FIG. 1 is an explanatory diagram in which a control system is added to a schematic cross-sectional view of a filter train according to an embodiment of the present invention, FIG. 2 is a block diagram showing the logic of the above embodiment, and FIG. It is a chart for explaining the effect of standby operation in an example. Figure 4 is a system diagram of an example of a conventional emergency gas treatment system;
The figure is an explanatory diagram schematically depicting a cross section of a filter line in the above-mentioned conventional example. FIG. 6 is an explanatory diagram showing an embodiment different from the above, and corresponds to FIG. 1 in the embodiment. FIG. 7 is a chart showing the relationship between the iodine removal efficiency of the charcoal filter and the relative humidity. DESCRIPTION OF SYMBOLS 1... Reactor containment vessel, 2... Reactor building, 3... Filter train inlet valve, 4... Filter train outlet valve, 5, 5'... Filter train, 6... Exhaust stack,
7...Demister (moisture removal device), 8...Heating heater (heating coil), 9...Prefilter, 10...High performance particle filter, 11...Space heater with fan, 12...Iodine charcoal filter (activated carbon filter), 13...Space heater with fan, 14
...High performance particle filter, 15...Dehumidifier (dryer),
16... Bypass line installation fan, 17... Check valve, 18... Central control room, 19... Fan (emergency gas processing system exhaust fan), 20... Bypass line, 21
...Hygrometer, 22...Thermometer.

Claims (1)

[Claims] 1. In an emergency gas treatment system (SGTS) installed to prevent radioactive iodine leaked into the reactor building due to an assumed accident in a light water reactor from being dissipated into the atmosphere, a filter train At least one of a hygrometer and a thermometer is installed near the charcoal filter in the filter train, and the absolute amount of water vapor in the atmosphere in the filter train is controlled by the detected values of the hygrometer and thermometer.

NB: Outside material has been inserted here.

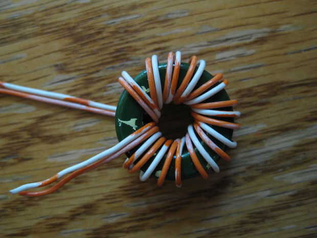 tamaños un par de estas cosas con el mismo alambre de la herida. el tipo de cable que he utilizado vino de cable ethernet cat5. me gusta porque es un cable de núcleo sólido que permanece en el lugar donde ponerlo. tengo 11 vueltas de alambre en el naranja y 13 en verde. he mirado por todo internet para encontrar la razón del número de vueltas pero no pudo encontrar una respuesta exacta, y 11 vientos es podría tardar todos lo más pequeños (naranja uno), y el verde uno acaba de poner el 13 se convierte en él de la misma longitud de alambre. la bobina naranja es la mitad (aproximadamente del tamaño de una moneda de diez centavos) del verde uno (poco más pequeño que una moneda de 50 céntimos).

An emergency gas processing device characterized by being provided with means. 2. The filter train has a circulation pipe connecting its outlet and inlet, and a circulation pump is provided in the circulation pipe to circulate the gas in the filter train. An emergency gas treatment device according to claim 1. 3. The emergency gas treatment device according to claim 2, wherein the circulation pipe is equipped with at least one of a dehumidifier and a dryer. 4. The emergency gas processing device according to claim 2 or 3, wherein the circulation pipe is provided with a valve. 5. The emergency gas processing device according to claim 4, wherein the valve is a check valve.